This repository contains code for Parts I and II of our Machine Learning Final project and for our implmentation of the bonus part.
The code we use for preprocessing our data is found in multiple files. First, we split our data into training and testing sets and write each set to a csv file in the file create_train_val_test_split.py. We encountered an issue with running dataset 2 on our models due to one of its features being in string form. Since the feature was binary (present/absent) we replace "present" and "absent" with the integer values 1 and 0, respectively. Code for this step can be found in convert_data2_str_features_to_int.py. Finally, we write the functions get_data() and process_data() in the file run_all_models.py to read the data from the csv files and format it to be input into our models.
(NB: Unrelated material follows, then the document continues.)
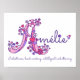 Hermoso cartel con monograma y nombre artístico perfecto para el dormitorio o sala de juegos de una niña en tonos de blanco, rosa y morado. Personaliza con el nombre de tu hijo que comience con A, y el significado del nombre para un toque verdaderamente personalizado en el dormitorio o guardería de tu hijo, este ejemplo es para el nombre Amélie Trabajadora, industriosa, inteligente y esforzada. Impresión de cartel lindo ideal para un regalo de bebé nuevo, bautizo o baby shower. © Monograma Único A con corazones y flores descripción del dibujo y diseño gráfico por Sarah Trett. www.sarahtrett.com para www.mylittleeden.com

To run PCA and T-SNE analysis, please refer to the two file in preprocessing folder. The utils.py will contain all the functions that was used to generate the plots in our report. The name of it function explains it purpose. The file dataViz.py are used as example usage.
In Part I, we run Logistic Regression, Boosting, KNN, Decision Trees, Random Forest, and SVM. Our process consists of the following steps:
- For each model, we establish a set of hyperparameters to test and run 10-fold cross-validation on each model using the training data for each dataset. We record the best classifier found for each model type. The code for these first two steps can be found in the file
run_all_models.py. The best models found for each dataset can be found in the folderoutput_metrics. - Next, we take the lists of parameters we eatsblished in step 1 and modify them as needed based on our results from cross-validation. Then, for each type of model, we train classifiers with all combinations of the hypoerparameters on all the training data and test on the test data. We measure the performance of each model with respect to the different hyperparameters considered to analyze how each hyperparameter contributes to the bias and variance of each mode. Code for this step can be found in the file
bias_variance_evaluation.py. Outputs from this step can be found in the folderbias_variance_comparisons. - Finally, we plot the train and test losses with respect to each hyperparameter considered for each model. Code for generating these plots can be found in the file
plot_results.py. Outputs from this step can be found in the folderplots.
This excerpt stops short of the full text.